Given data —
- - - - -
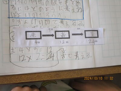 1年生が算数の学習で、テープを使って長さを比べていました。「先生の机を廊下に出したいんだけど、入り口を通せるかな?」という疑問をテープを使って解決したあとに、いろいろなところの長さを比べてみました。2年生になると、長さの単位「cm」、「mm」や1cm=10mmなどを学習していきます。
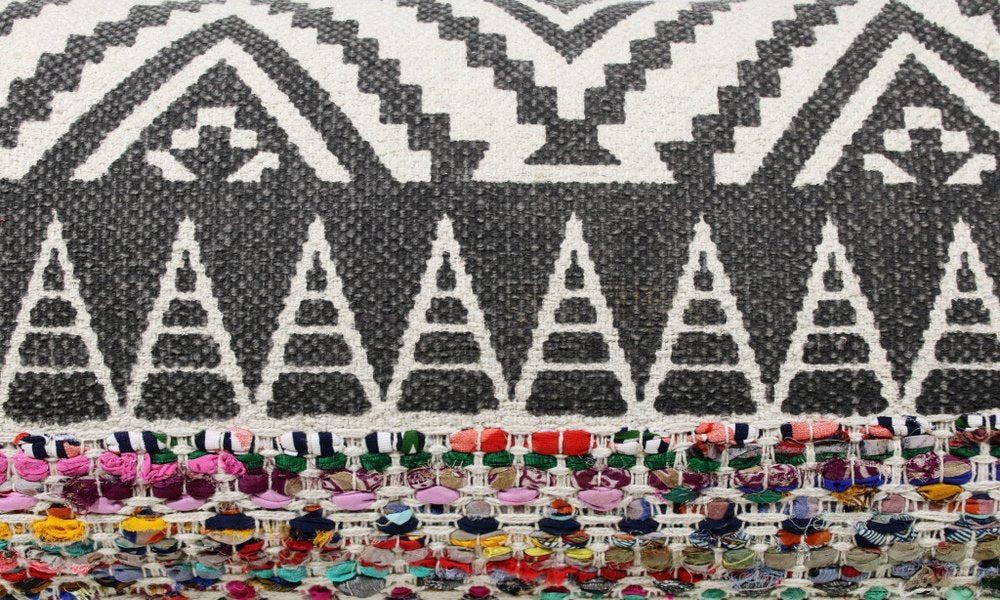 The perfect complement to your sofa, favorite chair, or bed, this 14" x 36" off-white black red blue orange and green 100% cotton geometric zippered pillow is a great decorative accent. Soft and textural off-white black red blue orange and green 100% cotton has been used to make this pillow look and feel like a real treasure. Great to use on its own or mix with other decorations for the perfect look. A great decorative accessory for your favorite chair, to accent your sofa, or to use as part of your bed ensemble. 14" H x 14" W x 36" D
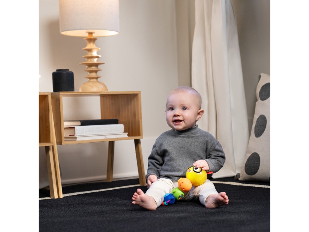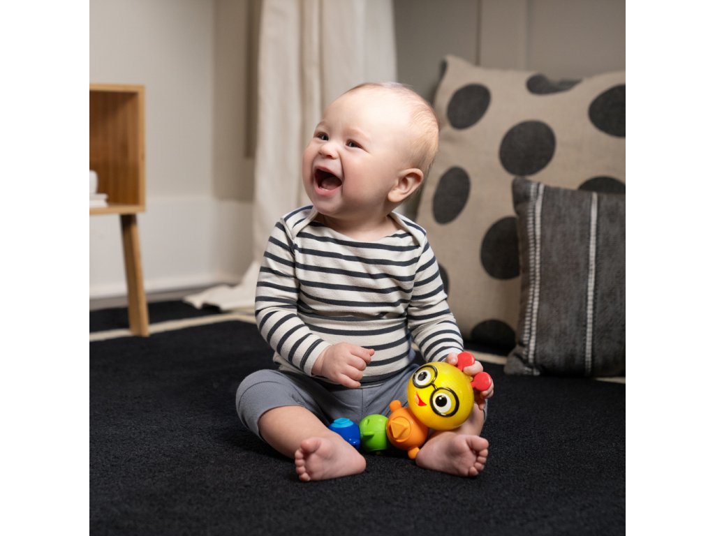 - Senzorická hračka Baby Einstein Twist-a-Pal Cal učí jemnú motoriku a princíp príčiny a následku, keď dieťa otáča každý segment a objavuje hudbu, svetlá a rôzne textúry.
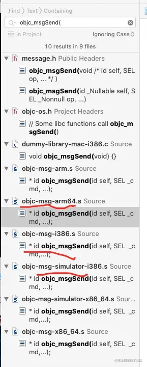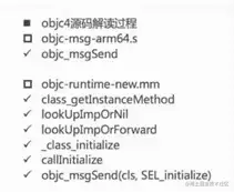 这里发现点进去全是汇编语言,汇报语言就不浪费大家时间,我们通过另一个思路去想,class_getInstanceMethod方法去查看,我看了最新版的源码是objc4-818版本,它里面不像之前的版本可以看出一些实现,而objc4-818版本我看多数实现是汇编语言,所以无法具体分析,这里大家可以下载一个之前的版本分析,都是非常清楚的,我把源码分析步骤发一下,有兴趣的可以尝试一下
- - - - -
Action item —
What you return should be the full listing, unchanged, minus the pictures.

Answer to this problem —
 1年生が算数の学習で、テープを使って長さを比べていました。「先生の机を廊下に出したいんだけど、入り口を通せるかな?」という疑問をテープを使って解決したあとに、いろいろなところの長さを比べてみました。2年生になると、長さの単位「cm」、「mm」や1cm=10mmなどを学習していきます。
 The perfect complement to your sofa, favorite chair, or bed, this 14" x 36" off-white black red blue orange and green 100% cotton geometric zippered pillow is a great decorative accent. Soft and textural off-white black red blue orange and green 100% cotton has been used to make this pillow look and feel like a real treasure. Great to use on its own or mix with other decorations for the perfect look. A great decorative accessory for your favorite chair, to accent your sofa, or to use as part of your bed ensemble. 14" H x 14" W x 36" D
 - Senzorická hračka Baby Einstein Twist-a-Pal Cal učí jemnú motoriku a princíp príčiny a následku, keď dieťa otáča každý segment a objavuje hudbu, svetlá a rôzne textúry.
 这里发现点进去全是汇编语言,汇报语言就不浪费大家时间,我们通过另一个思路去想,class_getInstanceMethod方法去查看,我看了最新版的源码是objc4-818版本,它里面不像之前的版本可以看出一些实现,而objc4-818版本我看多数实现是汇编语言,所以无法具体分析,这里大家可以下载一个之前的版本分析,都是非常清楚的,我把源码分析步骤发一下,有兴趣的可以尝试一下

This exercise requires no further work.